I found out about the SavingStar App about a month ago while reading Extreme Savings, an e-book I came across while browsing the Amazon Kindle Store. http://www.amazon.com/dp/B0050JBYSI

Not only is this e-book loaded with tips and tricks on how to save money I was intrigued when it mentioned SavingStar since I had heard about the app in the past. I was told that it could save you money on your grocery bill but I never bothered to follow up to see if it was worth the MB's on my phone. I downloaded it about 2 months ago and I've already saved about $60 off my grocery bill.

The way it works is that you locate the supermarkets and retailers near you that participate with SavingStar such as CVS or King Soopers and you link your store cards with the app. Then, you sort through their list of coupons and select the ones you would like to load onto you card. The next time you go shopping and you purchase those specific items your coupons will be redeemed and your savings will accumulate onto the app.

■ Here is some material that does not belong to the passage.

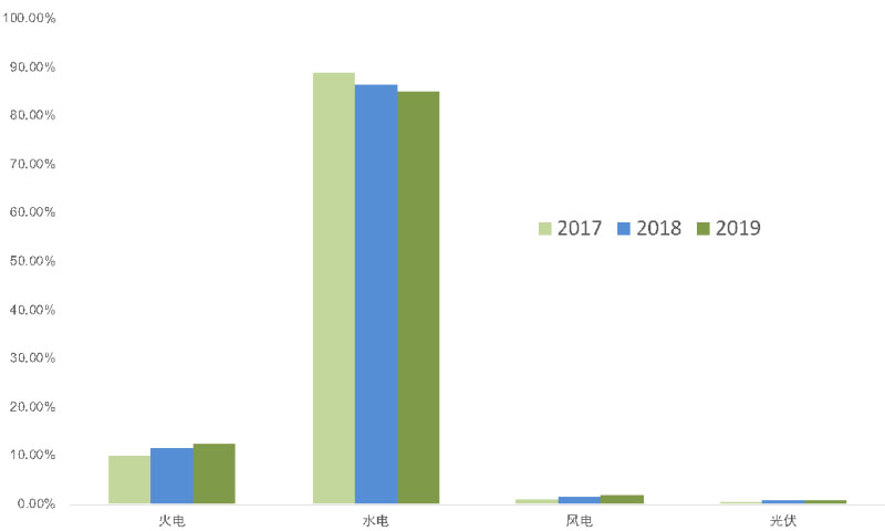 圖7 四川2017、2018、2019年發(fā)電量占比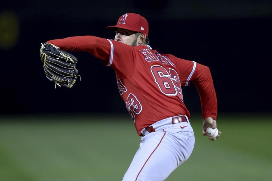 Los Angeles Angels’ Chase Silseth deals against the Oakland Athletics during the bottom of the sixth inning at the Oakland Coliseum on Fri May 13, 2022 (AP News photo)

Once you reach the minimum of $5 you have the option of withdrawing your savings through PayPal, an Amazon gift card or a donation to American Forests.

It's very hard to save money and be frugal in this economy especially if you have kids but every little bit counts if you ask me. I like this app because it's straight to the point and does most of the work for you and pays you for it. Plus, a lot of the coupons are things that most people actually buy like fruits, cereal and things like ketchup and Ziploc bags. The e-book Extreme Savings and the SavingStar app are worth checking out.


----------



## cinisajoy (Mar 10, 2013)

Here is the link to the app. It is free.



As always check compatibility with your devices.


----------



## Seamonkey (Dec 2, 2008)

It says it is incompatible with my original Fire and my HDX 8.9" Fire.

I don't see this app in the Kindle App store.


----------



## Ann in Arlington (Oct 27, 2008)

The link above is for the Amazon app store but, no, it does not show as compatible with Fires. 

You might find it at 1Mobile . . . . .


----------



## 99Balloons (Apr 28, 2014)

Bummer. You could also download it in the Google Play store for android phones and iTunes for apple.


----------



## Ann in Arlington (Oct 27, 2008)

99Balloons said:


> Bummer. You could also download it in the Google Play store for android phones and iTunes for apple.


Generally, it's not a simple thing to get apps from Google Play onto a Fire. But if it's at 1Mobile it's pretty straightforward.


----------